The task: In the records below, the line with "Selecting a spike" and every line after it must be written out exactly; no pictures belong in the result.

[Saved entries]
---
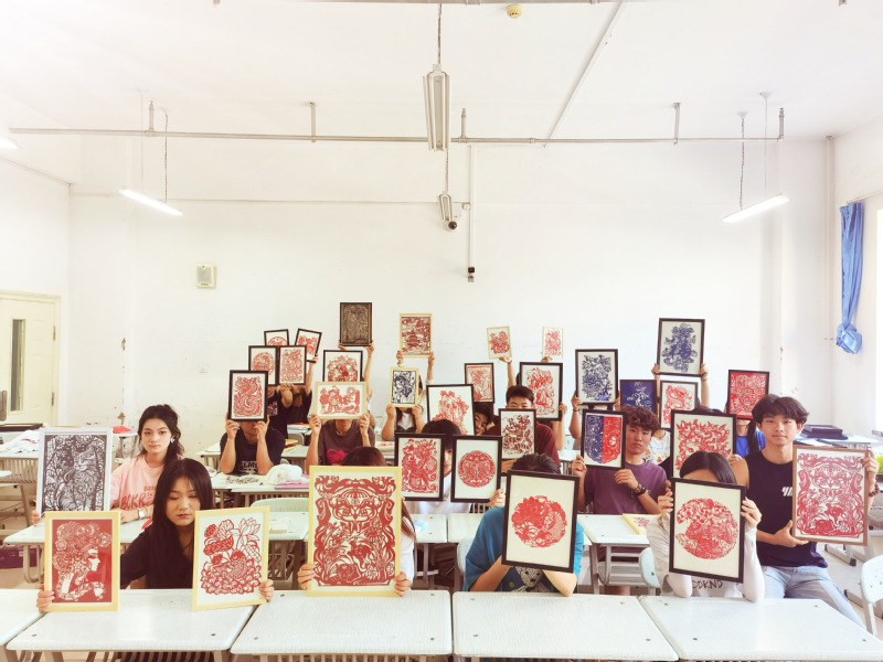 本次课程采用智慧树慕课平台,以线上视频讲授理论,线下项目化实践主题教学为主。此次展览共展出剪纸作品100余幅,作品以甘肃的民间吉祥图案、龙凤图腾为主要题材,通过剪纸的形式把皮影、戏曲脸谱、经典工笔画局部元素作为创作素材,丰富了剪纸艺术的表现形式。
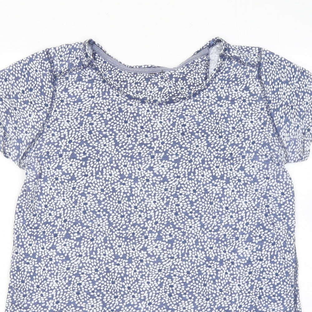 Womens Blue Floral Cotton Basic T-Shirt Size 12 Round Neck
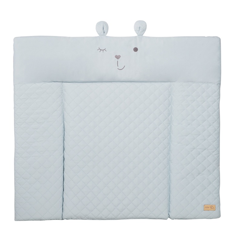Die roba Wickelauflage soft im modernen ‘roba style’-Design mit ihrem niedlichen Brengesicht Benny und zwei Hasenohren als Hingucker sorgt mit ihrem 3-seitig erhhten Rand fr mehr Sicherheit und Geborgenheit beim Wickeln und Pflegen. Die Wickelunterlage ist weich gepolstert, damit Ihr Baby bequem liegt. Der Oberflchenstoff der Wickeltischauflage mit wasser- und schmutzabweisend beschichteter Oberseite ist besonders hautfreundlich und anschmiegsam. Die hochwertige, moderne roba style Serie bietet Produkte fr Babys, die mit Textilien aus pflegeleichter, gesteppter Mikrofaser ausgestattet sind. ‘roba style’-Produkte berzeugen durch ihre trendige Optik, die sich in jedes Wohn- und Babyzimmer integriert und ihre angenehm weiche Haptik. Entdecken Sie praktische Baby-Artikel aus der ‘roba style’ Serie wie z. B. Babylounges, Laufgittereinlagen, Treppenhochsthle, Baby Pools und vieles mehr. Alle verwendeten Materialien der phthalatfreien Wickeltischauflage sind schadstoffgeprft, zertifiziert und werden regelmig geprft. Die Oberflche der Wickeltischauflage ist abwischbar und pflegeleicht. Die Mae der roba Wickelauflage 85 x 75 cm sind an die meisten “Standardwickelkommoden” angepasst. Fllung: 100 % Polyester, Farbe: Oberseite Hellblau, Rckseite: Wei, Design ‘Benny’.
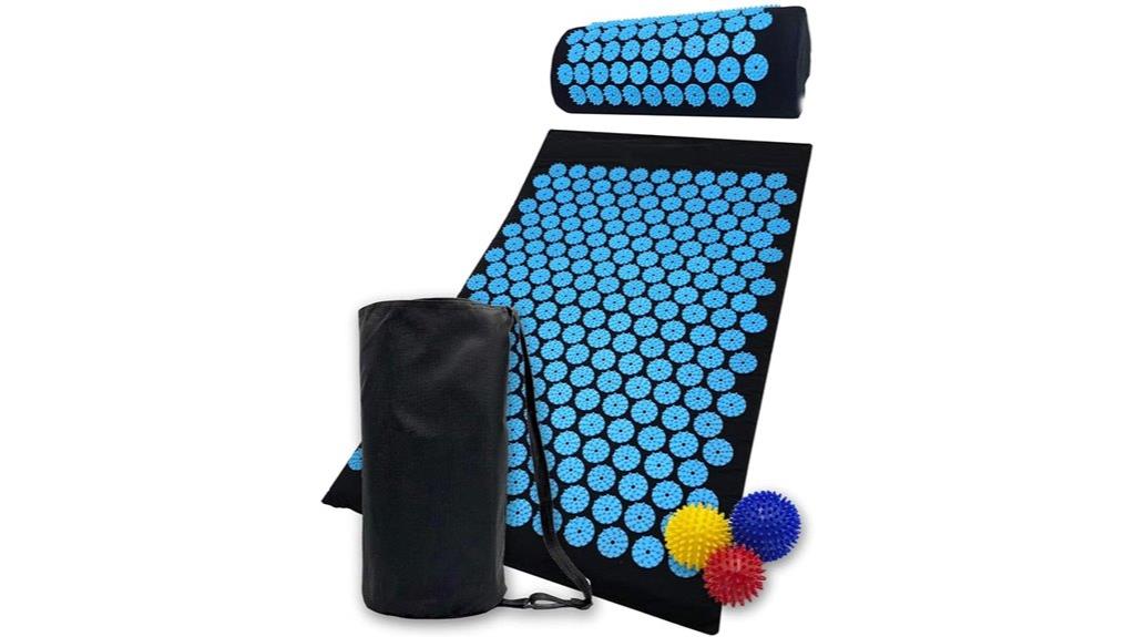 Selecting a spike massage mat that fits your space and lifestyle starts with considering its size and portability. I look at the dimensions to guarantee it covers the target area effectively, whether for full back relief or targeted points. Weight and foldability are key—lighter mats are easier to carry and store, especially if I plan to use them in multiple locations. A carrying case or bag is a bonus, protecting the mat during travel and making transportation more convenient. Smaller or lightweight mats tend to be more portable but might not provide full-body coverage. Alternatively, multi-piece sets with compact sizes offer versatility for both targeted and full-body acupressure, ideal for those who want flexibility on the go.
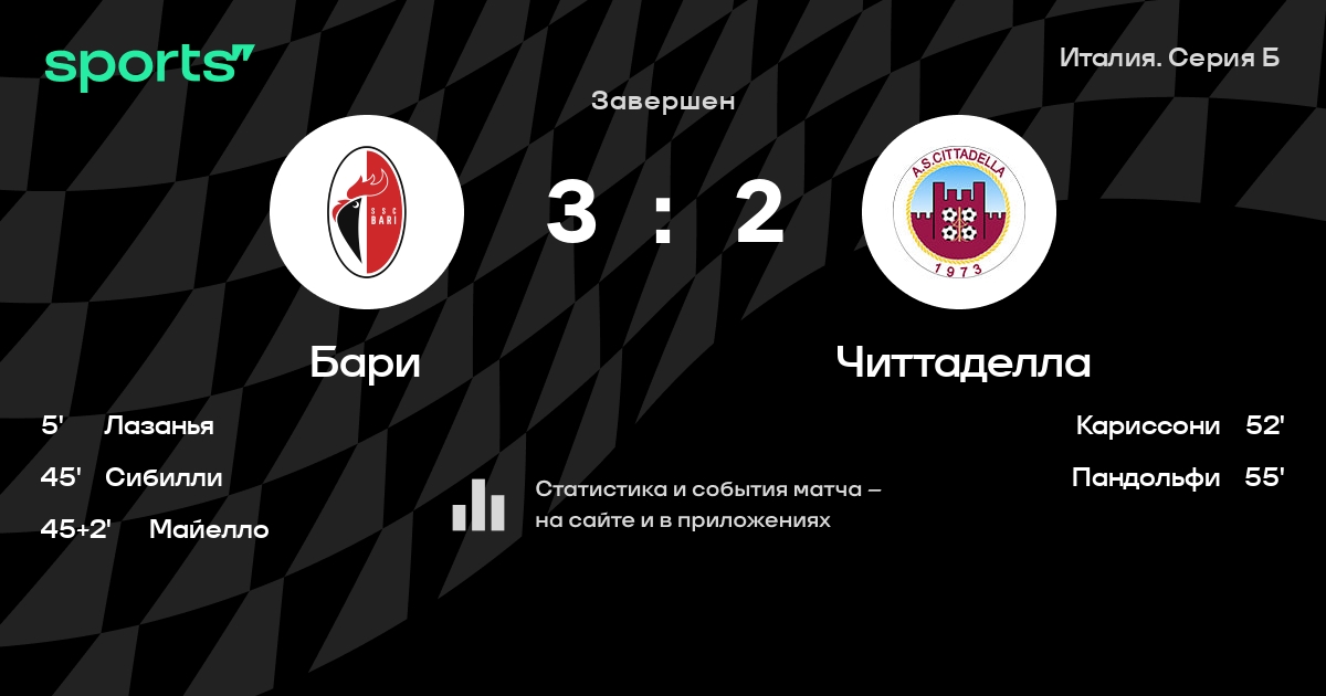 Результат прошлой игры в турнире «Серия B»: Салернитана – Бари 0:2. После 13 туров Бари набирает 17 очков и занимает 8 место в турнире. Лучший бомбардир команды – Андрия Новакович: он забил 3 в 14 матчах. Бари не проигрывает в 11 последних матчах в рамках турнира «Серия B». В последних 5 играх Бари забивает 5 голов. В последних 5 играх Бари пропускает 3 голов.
---
Answer for the task:
 Selecting a spike massage mat that fits your space and lifestyle starts with considering its size and portability. I look at the dimensions to guarantee it covers the target area effectively, whether for full back relief or targeted points. Weight and foldability are key—lighter mats are easier to carry and store, especially if I plan to use them in multiple locations. A carrying case or bag is a bonus, protecting the mat during travel and making transportation more convenient. Smaller or lightweight mats tend to be more portable but might not provide full-body coverage. Alternatively, multi-piece sets with compact sizes offer versatility for both targeted and full-body acupressure, ideal for those who want flexibility on the go.
 Результат прошлой игры в турнире «Серия B»: Салернитана – Бари 0:2. После 13 туров Бари набирает 17 очков и занимает 8 место в турнире. Лучший бомбардир команды – Андрия Новакович: он забил 3 в 14 матчах. Бари не проигрывает в 11 последних матчах в рамках турнира «Серия B». В последних 5 играх Бари забивает 5 голов. В последних 5 играх Бари пропускает 3 голов.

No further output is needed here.